Twenty percent of the uranium produced in France was extracted in the Armorican Massif, in three different locations (Pontivy, Guerande et Mortagne) which belong to the High Heat Production Belt, a 100 km wide NW-SE zone characterized by elevated contents in radioactive elements present in most of the geological formations [1], including 320 to 315 Ma old peraluminous granites [2]. In the Guerande uranium district, the Pen Ar Ran deposit is located in a deformed zone, at the contact between porphyroids and quartzitic black schists. This deformed zone corresponds to an E-W shear zone that affected both the metamorphic formations (porphyroids and black schists) and the intrusive Guerande leucogranite, during its emplacement. Mineralization is under the form of massive veins carrying pechblende and sulphide that are spatially associated with the leucogranite.
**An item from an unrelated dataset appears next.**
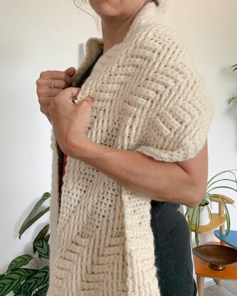 One step at a time is a thick, chunky, textured wrap / oversized scarf with diagonal pillars of cables running through different density of fabric to create a cosy accessory for cooler weather.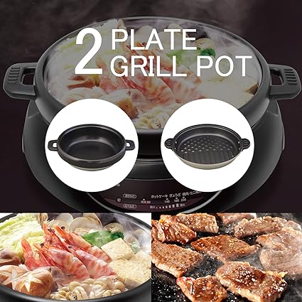 ・[2種類プレート付属] グリルプレート・深鍋 (熱ムラを抑えて蓄熱性が高い)

However, this uranium deposit is different from the other vein type known in France because of the unusual nature of its uranium oxides (between pechblende and uraninite). Furthermore, the fluids responsible for this mineralization are hotter (350-400°C) than elsewhere. The question of the source of the uranium is also complex. The uranium content of the metamorphic formations is rather low (around 3 ppm) but it is also low in the leucogranite (max. 9 ppm). It is however possible that the uranium was leached out of the granite by surface derived oxidizing fluids while the granite was still at depth [3]. Therefore, the leucogranite could represent the source of the uranium. In order to test this hypothetis, we performed a comprehensive petrological, geochemical, and geochronological study of the Guerande granite and compared these data to the available data from the porphyroid and the uranium mineralization. [1] Vigneresse, J.L., Cuney, M., Jolivet, J., Bienfait, G. (1989. Tectonophysics, 159, 47-60. [2] Tartese, R., Ruffet, G., Poujol, M., Boulvais, P., Ireland, T.R. (2011). Terra Nova, 23, 390-398. [3] Tartese, R., Boulvais, M., Poujol, M., Gloaguen, E., Cuney, M. (2013). Economic Geology, 108, 379-386.